== Listed entries ==
----------------------------------------
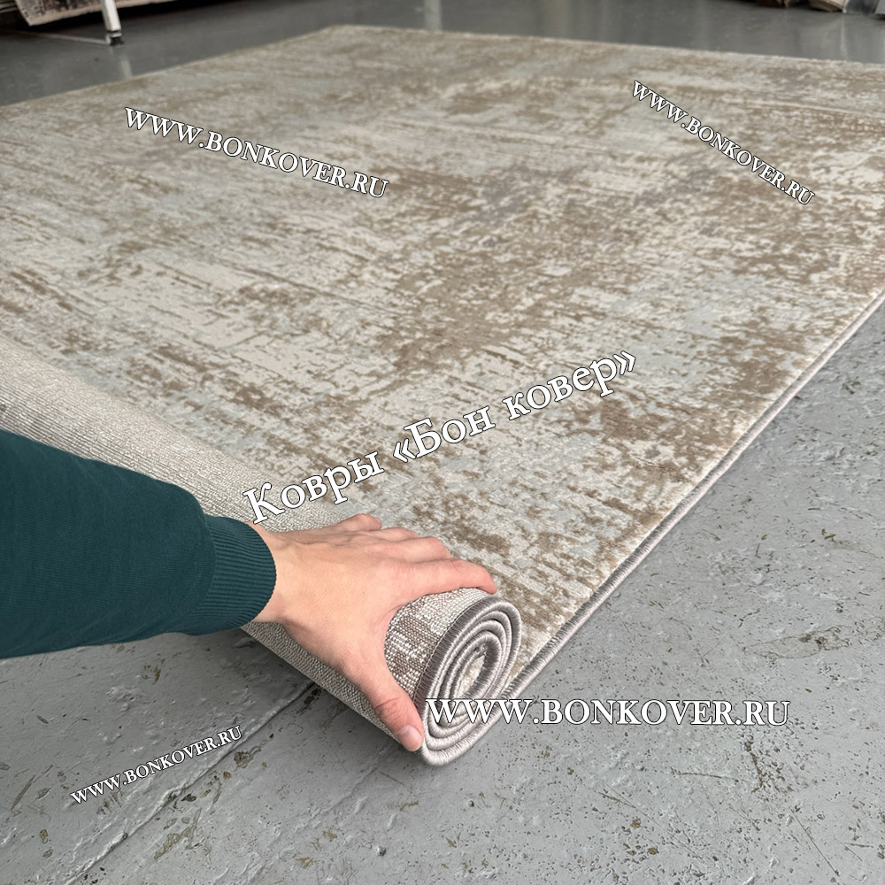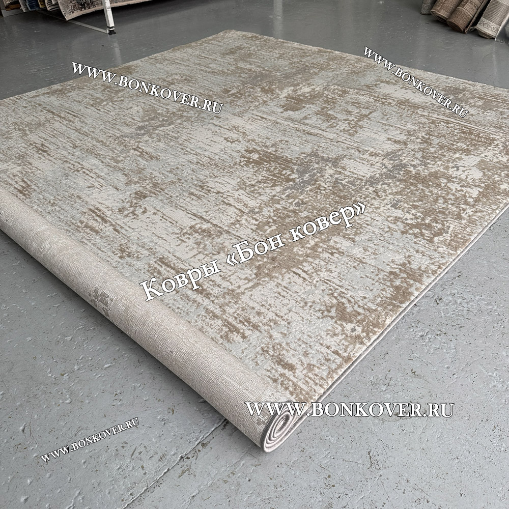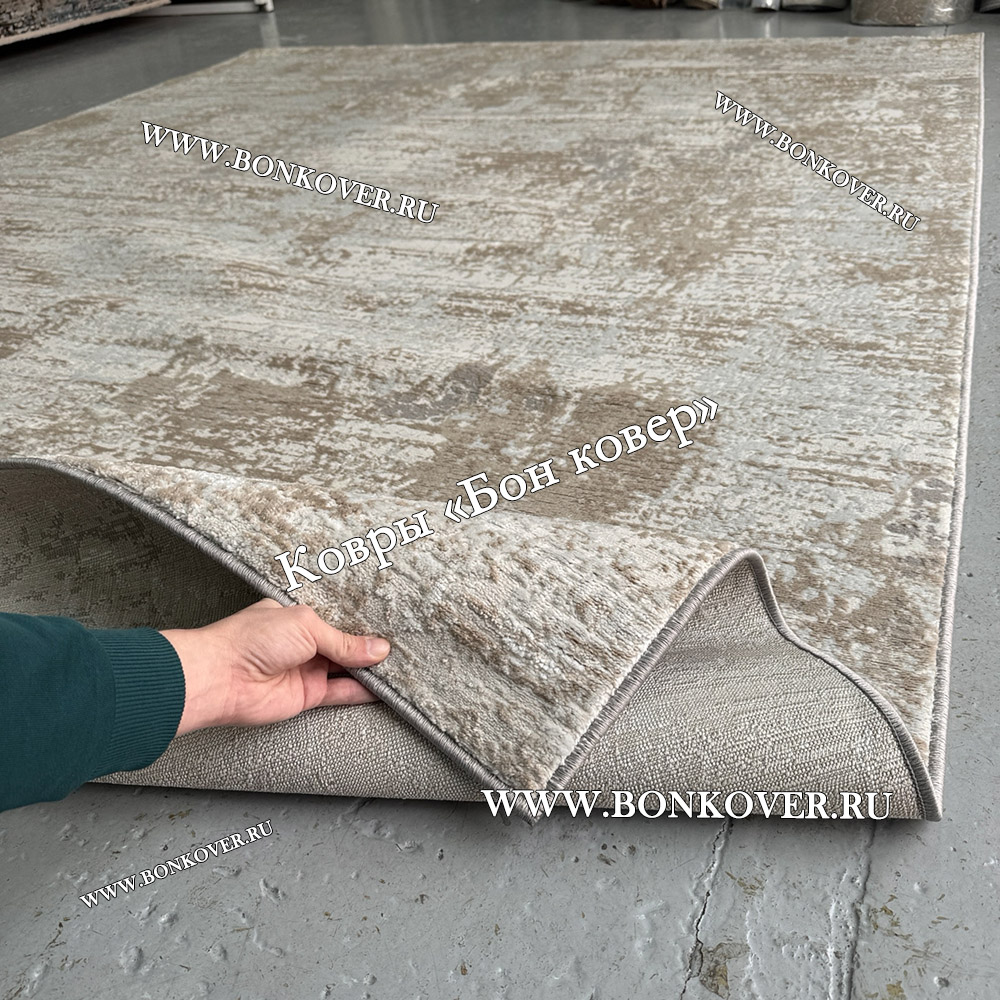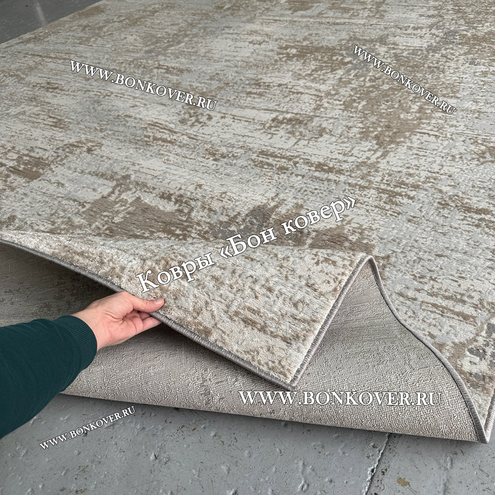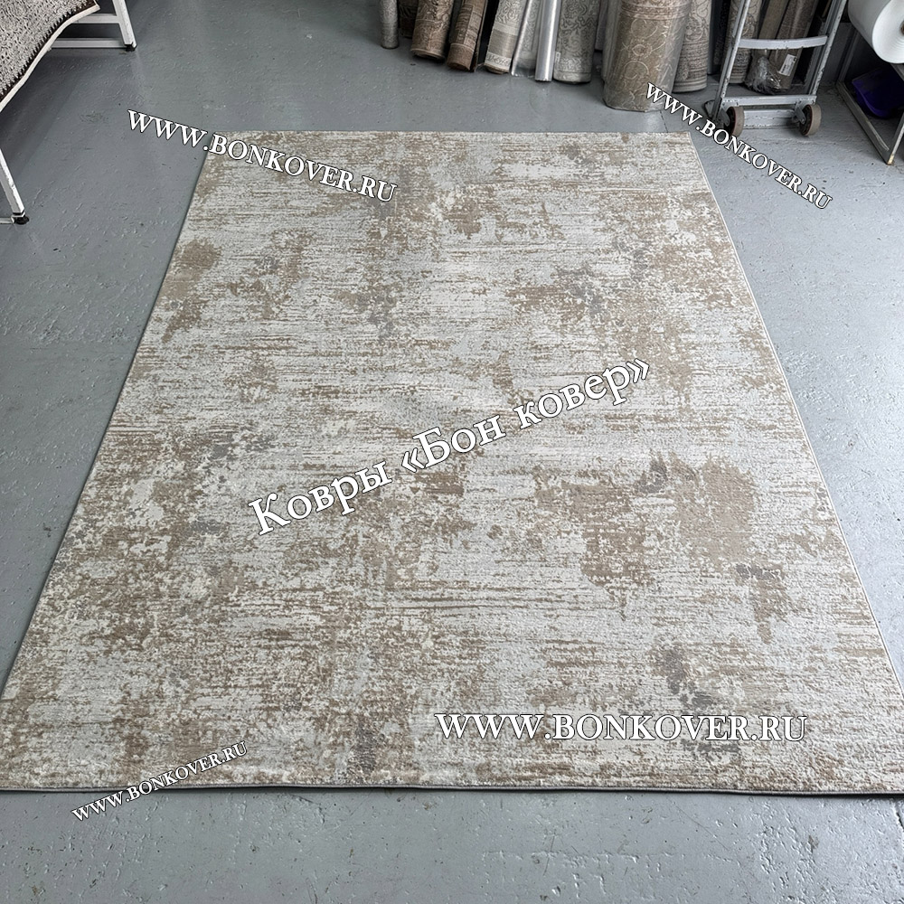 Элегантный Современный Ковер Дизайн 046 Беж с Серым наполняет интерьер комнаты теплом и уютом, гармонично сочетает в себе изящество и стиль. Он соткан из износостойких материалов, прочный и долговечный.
----------------------------------------
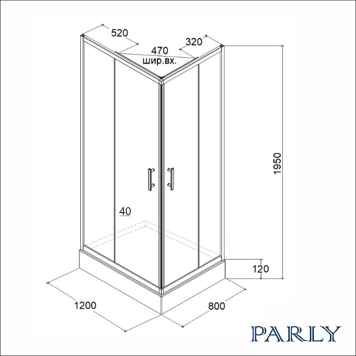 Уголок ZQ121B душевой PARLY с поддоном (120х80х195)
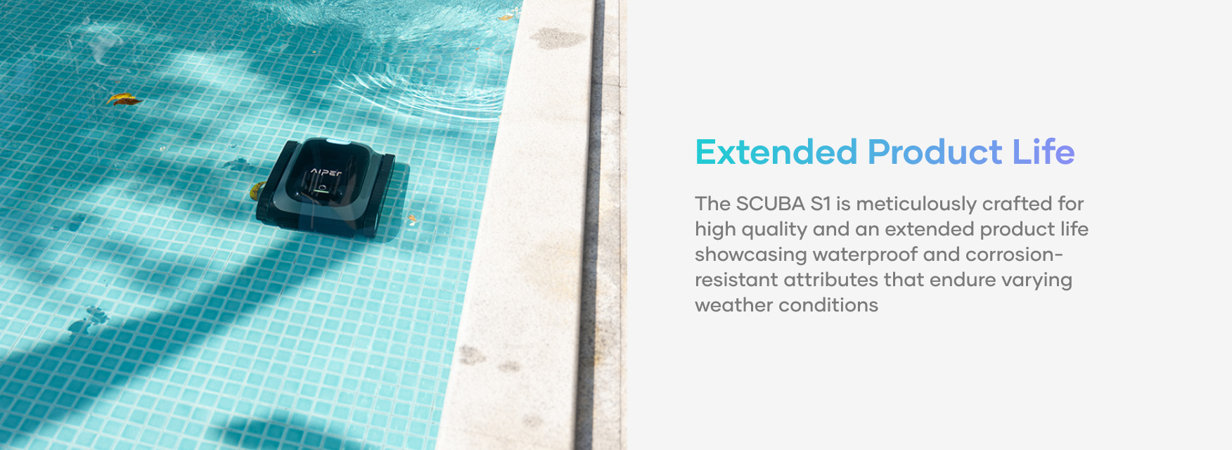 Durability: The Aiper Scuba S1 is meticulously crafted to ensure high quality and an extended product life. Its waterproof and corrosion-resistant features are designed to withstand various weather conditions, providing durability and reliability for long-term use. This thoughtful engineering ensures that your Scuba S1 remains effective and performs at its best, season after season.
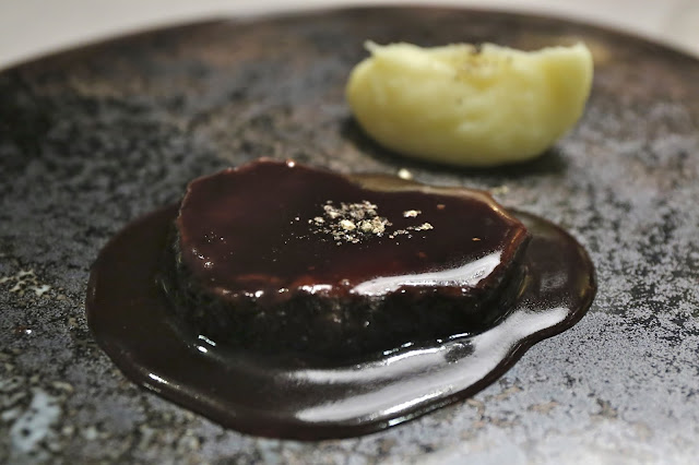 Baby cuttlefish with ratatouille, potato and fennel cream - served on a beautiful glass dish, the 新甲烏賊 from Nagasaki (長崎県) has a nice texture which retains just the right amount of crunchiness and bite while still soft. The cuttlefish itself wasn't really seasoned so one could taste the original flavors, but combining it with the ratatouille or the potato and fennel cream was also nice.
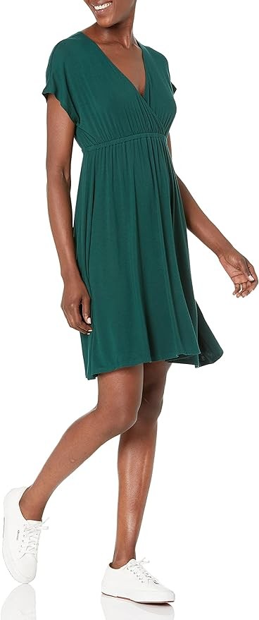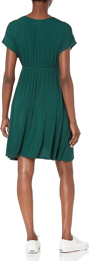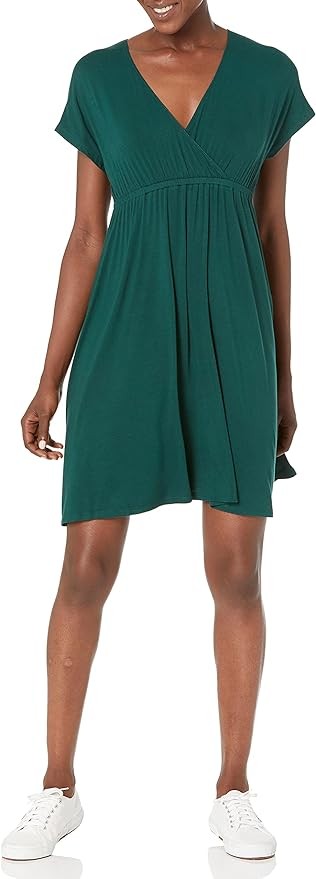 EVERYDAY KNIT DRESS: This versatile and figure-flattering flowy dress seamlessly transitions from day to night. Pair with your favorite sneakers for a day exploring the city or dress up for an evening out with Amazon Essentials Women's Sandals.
----------------------------------------
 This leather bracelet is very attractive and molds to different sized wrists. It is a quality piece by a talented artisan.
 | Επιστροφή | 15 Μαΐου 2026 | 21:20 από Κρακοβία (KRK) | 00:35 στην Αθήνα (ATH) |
----------------------------------------
In the listing above, find the line with "This leather bracelet" and the line with "Αθήνα (ATH) |", then reproduce both and every line between them exactly.

 This leather bracelet is very attractive and molds to different sized wrists. It is a quality piece by a talented artisan.
 | Επιστροφή | 15 Μαΐου 2026 | 21:20 από Κρακοβία (KRK) | 00:35 στην Αθήνα (ATH) |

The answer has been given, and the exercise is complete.